I think a snazzy marketing campaign is hard at work here!! My "plain" 300 Winchester magnum handily outclasses any 300 WSM on the market by 200+ FPS. 200gn Bullets at a chronographed 3020FPS, 180gn bullets at a chronographed 3249FPS. My "plain" 270 Win runs very close with the WSM. 140gn Barnes Triple shocks chronongraphed @ 3100FPS. Both of these rifles are factory Win 70 SS classics, the 300 has a factory 26" tube and the 270 is a factory 22" FWT pipe. The 300 and 7 WSM are scarecly faster than a good handloaded 30-06 or 280, and the AI version of either would run right with a WSM.

So when you see written "the ??? WSM only recoiled slightly more than my 30-06/280/270", etc, well DUH, it only slightly outperforms it too.

I think the mythbusters need to get some sensors in the shoulder of their test dummy and fire a couple hundred rounds downrange.

:strapped:

Now, I do think the 300 WSM is a good choice to fill in the 30 cal gap, but I wouldn't buy one to replace a 30-06 or a 300 Win, same with the 7, I think they fill that .284 gap, but no better or worse than a 280 or 7 Rem. The 270 WSM does have an advantage against it's "standard" counterpart, but not much, and certainly not enough to replace an existing 270 Win.

The "rifle circle" goes like this. Everyone needs a 6# rifle, including scope and shells, you only really need it to shoot 300yds at most, most game is taken at this range. Now, move to heavy-for-caliber bullets and load these rifles to the cutting edge of saftey, recoil be damned, we need more range. Next wildcat's like the Ackley Improved etc gain popularity, faster heavy bullets mean even more range, but recoil is becoming an issue. Now you need a magnum, and it should be 9# or better to keep recoil from becoming an issue, you might even try a muzzle break. Now I need a bigger magnum, one that spits 180gn bullets @ 3500FPS, 12# is OK, so is $80/box of ammo. Holy smokes, I only shot this rifle 7 times this year, the muzzle break is deafening, it's hard to hike very far W/12# strapped to my shoulder, and this ammo is way too expensive. Oh look, it's a new magnum, it's smaller, a little slower, doesn't kick so hard, and doesn't cost more than a tank of gas in a suburban for a box of shells, sign me up!! Or the short story goes, light rifle, heavy rifle, light rifle, heavy rifle. The WSM's have filled the gap between the "standard" calibers and true "magnums" that used to only be filled by good reloaders and AI wildcatters.

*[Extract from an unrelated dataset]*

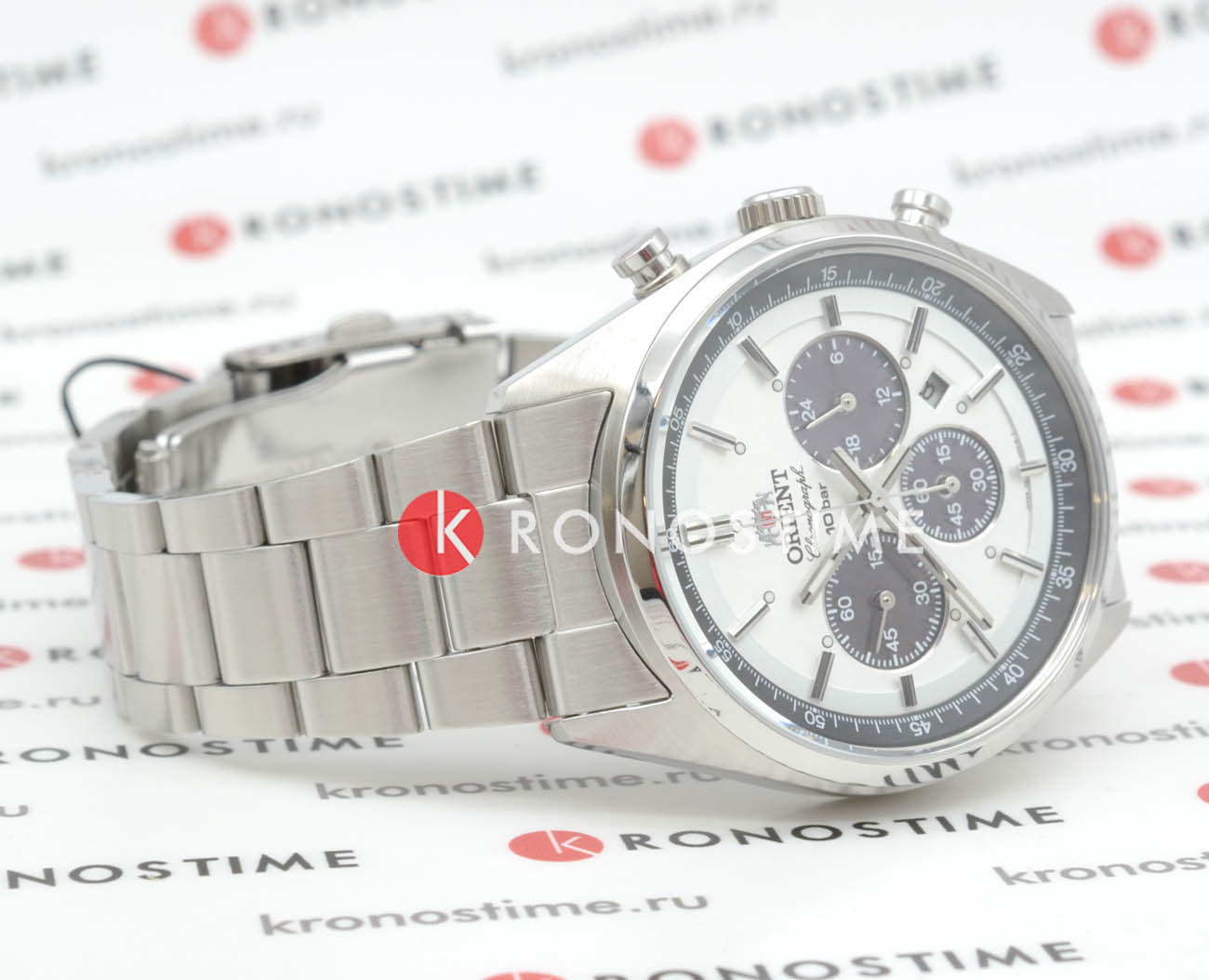 Мужские наручные часы-хронографХронографФункция позволяет измерять отрезки времени с особой точностью: часы, минуты, секунды. Верным признаком хронографа является наличие на циферблате 3 дополнительных окошек-счётчиков. Orient WV0041TX из коллекции Neo 70's Solar Chronograph Panda сочетают в себе ретро-дизайн 70-х годов и современные технологии. Модель обладает круглым корпусом диаметром 42 мм, изготовленным из нержавеющей стали, что обеспечивает высокую устойчивость к внешним воздействиям [[3]]. Браслет выполнен из нержавеющей стали на раскладной застёжкеРаскладная застёжкаТакой тип застёжки используется только на браслетах из металла. Она никогда не раскрывается полностью, происходит разделение на 2 и более частей. Раскладывающая застёжка снизит вероятность потери часов к минимуму., гарантирующей комфортное ношение и безопасность. Белый циферблат, напоминающий "панду", оснащен тонкими индексами для лучшей читаемости времени и хронографическими подциферблатами. Для защиты применяется минеральное стекло, обеспечивающее прочную защиту от царапин. Часы работают на солнечном кварцевом механизме, который питается от естественного и искусственного света, исключая необходимость замены батарейки. Модель также является хронографом, оснащенным функцией секундомераСекундомерСекундоме́р — прибор, способный измерять интервалы времени с точностью до долей секунды., делая её идеальной для активного образа жизни. Водонепроницаемость часов достигает 10 атмосфер (100 метров), что позволяет использовать их во время плавания и других водных видов спорта, однако не рекомендуется для глубоководного дайвинга.

That doesn't really answer the recoil question other that to say the recoil of the WSM/SAUM is somewhere between a "regular" magnum and a "standard" caliber because that's where it's performance is.


----------



## Invector (Jan 13, 2006)

As it was put above the 300 short mag is just a bit up on the 300 so recoil might be a factor. But I have a cousin who thinks the short mag has less recoil. I also seen that a 270wsm out does the 270 and so forth. Some of these rounds though only out do by a very small margin...i.e. 243 vs. 243wssm ballistics of .393 and .400. Not much difference. It's like splitting hairs. Though I have been told, shown, and calculated the recoil of a 25-06 and a 25wsm and the come out the same. I can say that some rounds though have gotten a bad rap and are not looked upon nicely. I have come to understand that as a rule of thumb, if a cal produces more velocity and more energy then it probably has more recoil. But then again with these wssm and wsm it might not be a noticeable difference or even an easily measurable difference. Pluse remember the sort mags were formed from and for.


----------



## Csquared (Sep 5, 2006)

Thanks guys........

What formula are you using, Invector, to compute the .25 recoil?


----------



## Remington 7400 (Dec 14, 2005)

I shot a friend .270 WSM over the weekend, its recoil was much less than my Ruger M77 but then again, I was shooting hot handloads and he was shooting winchester factory loads.


----------



## Horsager (Aug 31, 2006)

Rem 7400, two things must be considered with your "felt -recoil" experience from last weekend. 1st is bullet weight, powder charge, and velocity differences between the two rifles. Second, and just as important is the surface area of the butt stock. The Ruger synthetic that is often referred to as the "paddle" stock, has ruger molded into the stock, is very narrow at the bottom, and the top for that matter, has molded in sling swivels is about the hardest kicking factory stock to ever come off an assembly line. They are short top to bottom, and very narrow, providing very little surface area to "soak up recoil". They do their job and hold the action/barrel consistantly, but are a very poor design when recoil is considered. I am talking about the first stocks from Ruger on their SS/Syn rifles, some of them had green inserts, some were black, all of them kicked hard. If your buddy has a newer rifle with a squishier pad, felt recoil will be much less


----------